Я обожгла его дерзостным взглядом.
– Может, ты меня и сломишь. Но я никогда не стану тем, чем стал ты.
– Ты уже то же, что и я. И чем быстрее ты это воспримешь, тем легче все будет протекать. А выйдя впервые с другого конца этого туннеля, ты познаешь истинную радость. Ведь твоя жизнь в основном состояла из отчаяния, не так ли?
Я не знала, что на это ответить.
– Прими это, Джек. Ты себя презираешь. Все твои связи и отношения нездоровы. Ты никогда не задумывалась, почему столько людей вокруг тебя страдает? А тебя не посещает мысль, что на самом деле тебя саму тянет причинять им страдания?
– Ересь какая.
– И тем не менее ты раз за разом продолжаешь это делать. Твои друзья, родня – из них кто-то страдает, кто-то умирает, и это длится с постылым постоянством. Возможно, как раз потому, что ты этого хочешь. А скажи мне вот еще что. Когда ты ощущаешь себя особенно живой? Бодрой, собранной? Наиболее ценной? Не тогда ли, когда преследуешь какого-нибудь психопата? Смыкаешь дистанцию до убийственного броска? Ведь ты ради всего этого и заделалась копом, разве нет?
Я точно не знала, что ответить, и вообще стоит ли. Лютер подтасовывал факты из моей жизни, чтобы они укладывались в рамки его извращенных воззрений.

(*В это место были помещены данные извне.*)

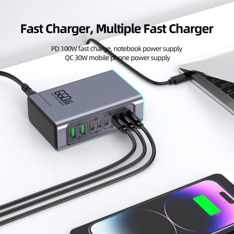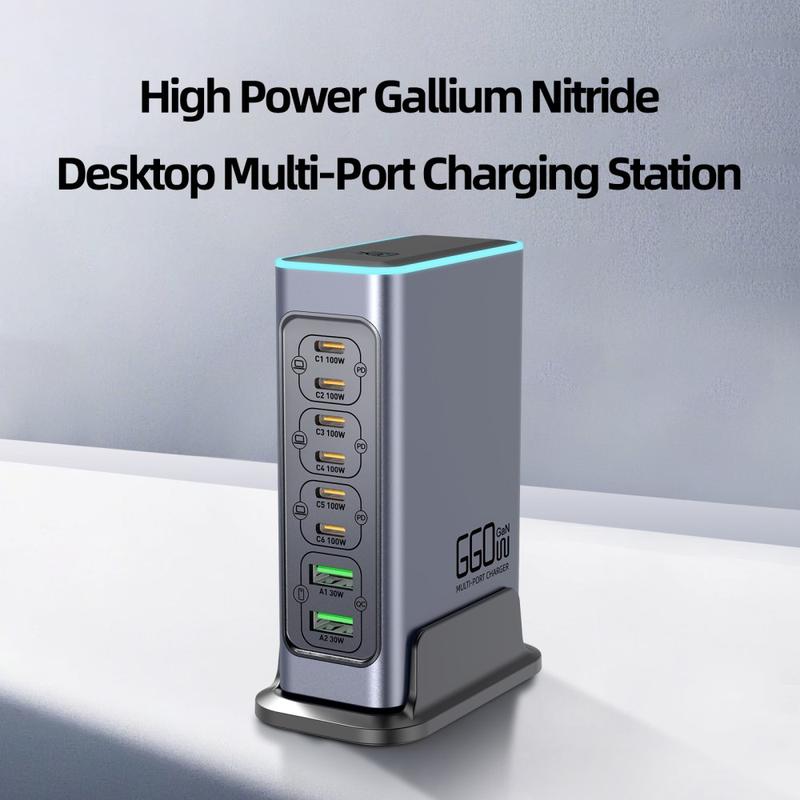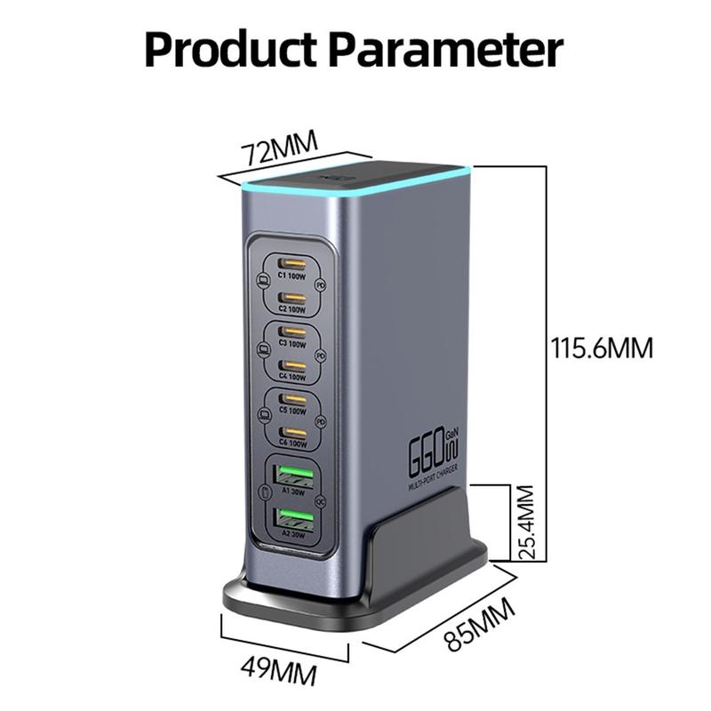 Estação de carregamento de secretária WLX-F8L de 8 portas GaN 660W - 6xUSB-C PD, 2xUSB-A QC3.0, 100-240 V, hub de alimentação compacto com ficha UE

– Ты прогибаешься под гнетом, корчишься на прокрустовом ложе общества, в котором ты альфа-хищник, и тебе нужно с этим порвать. Не хочешь ли ты хотя бы на время, хотя бы единожды испытать это блаженство? Спокойно спать, а не ворочаться всю ночь с боку на бок? У тебя есть воля, и чем скорее ты научишься следовать ей, тем быстрее ты достигнешь совершенства. Ну да хватит болтать. Давай начнем.
Лютер зашел за пульт и тронул ручки регуляторов.
– К сожалению, Фин с Гарри выжгли здесь функцию электрошока. Но ту сцену я записал на камеру и позднее тебе ее покажу. Досталось им вполне себе ничего. Хотя это действительно ничего в сравнении с тем, что я проделаю с тобой. К счастью, кресло, в котором сидишь ты, снабжено многими другими способами причинения боли. Что, если мы начнем, скажем… с трения?
– Гребаный говнюк. Я только что без всяких обезболивающих прошла через муки деторождения. И причинить мне боль ты не сможешь ничем.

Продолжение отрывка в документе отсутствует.